Bukannya Refald takut melawan ratu desa penari itu, tapi karena ia punya perjanjian tertentu yang membuatnya tak bisa berurusan dengan ratu yang berwujud asli siluman ular. Untuk sementara ini, semuanya masih berjalan baik-baik saja. Tidak ada tanda-tanda penyerangan pada Fey dan tunangan Refald tetap aman dalam perlindungannya. Dengan begitu, Refald bisa fokus pada Eric sekarang.
__ADS_1
Refald langsung datang menemui sahabatnya dengan kekuatan supernya hanya dalam waktu sekejap tepat ketika semua penduduk desa Angker memakamkan jasad Nana di desa kelahirannya. Suasana saat itu masih diselimuti berkabung yang begitu dalam termasuk yang dirasakan oleh Eric saat ini. Baru juga ia ingin membina bahtera rumah tangga dengan wanita yang ia cintai tapi ternyata takdir berkehendak lain. Jodoh Eric dengan Nana hanya sampai di sini saja.

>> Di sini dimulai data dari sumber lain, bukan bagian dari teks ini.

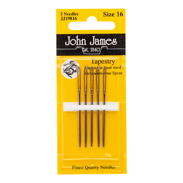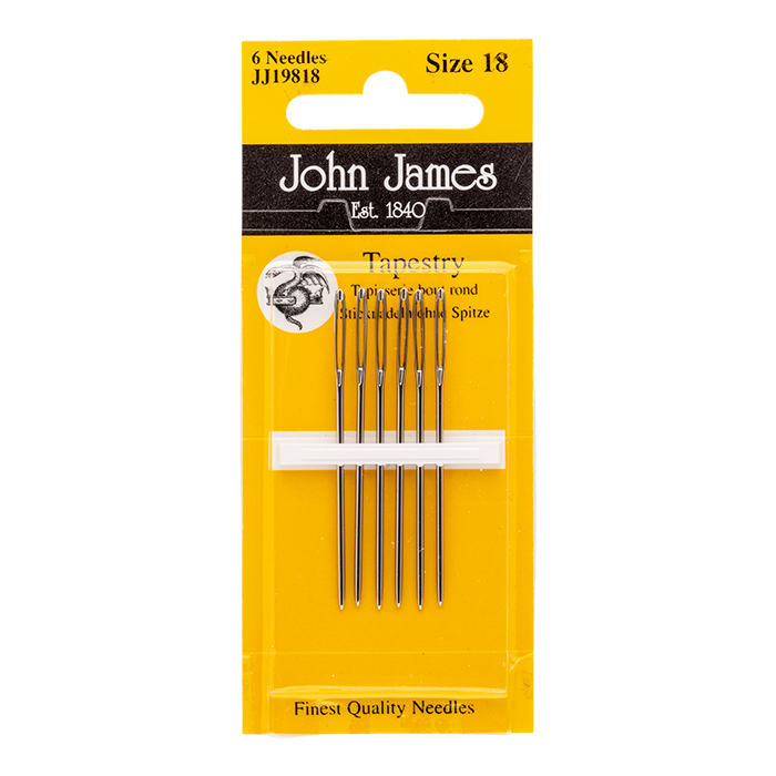 The JJ Tapestry Needle is designed for needlepoint and counted-thread stitching on canvas and evenweave fabrics. Featuring a large eye and blunt tip, this needle glides smoothly between fabric threads without splitting fibers, making it ideal for precise, controlled stitching.

Refald sendiri juga tak bisa berbuat banyak karena Eric sendirilah yang memilih jalan ini. Sebagai teman, ia hanya bisa menguatkan Eric agar tetap terus menjalani hidup.
"Jangan beritahu Fey tentang apa yang menimpaku saat ini Refald, aku tak mau dia sedih menjelang hari bahagia kalian berdua. Ini permintaan khususku padamu," ujar Eric yang masih duduk disamping pusara makam istrinya sedangkan Refald ada di belakang Eric.
Refald cuma menghela napas panjang mendengar permintaan sahabatnya. "Fey benar-benar akan marah padamu bila dia tahu kau menyembunyikan semua ini darinya. Jangan minta tolong padaku kalau kau bakal kena amukannya karena tak jujur padanya. Setelah ini, apa yang kau lakukan?" Tanya Refald pada Eric.
"Aku akan tetap di sini sampai 40 hari ke depan. Setelah itu ... Aku akan buat perhitungan dengan sekelompok penjahat yang sengaja menyerang istriku."
"Bagaimana bisa kau menangkap mereka? Mereka sudah jauh ke negeri antah brantah."
"Mereka akan datang lagi begitu tahu kalau aku menikah lagi, tentunya bukan pernikahan sungguhan. Aku akan memanfaatkan pernikahanmu dengan Fey." Eric menatap Refald dengan tatapan penuh dendam dan amarah dan Refald langsung memicingkan matanya.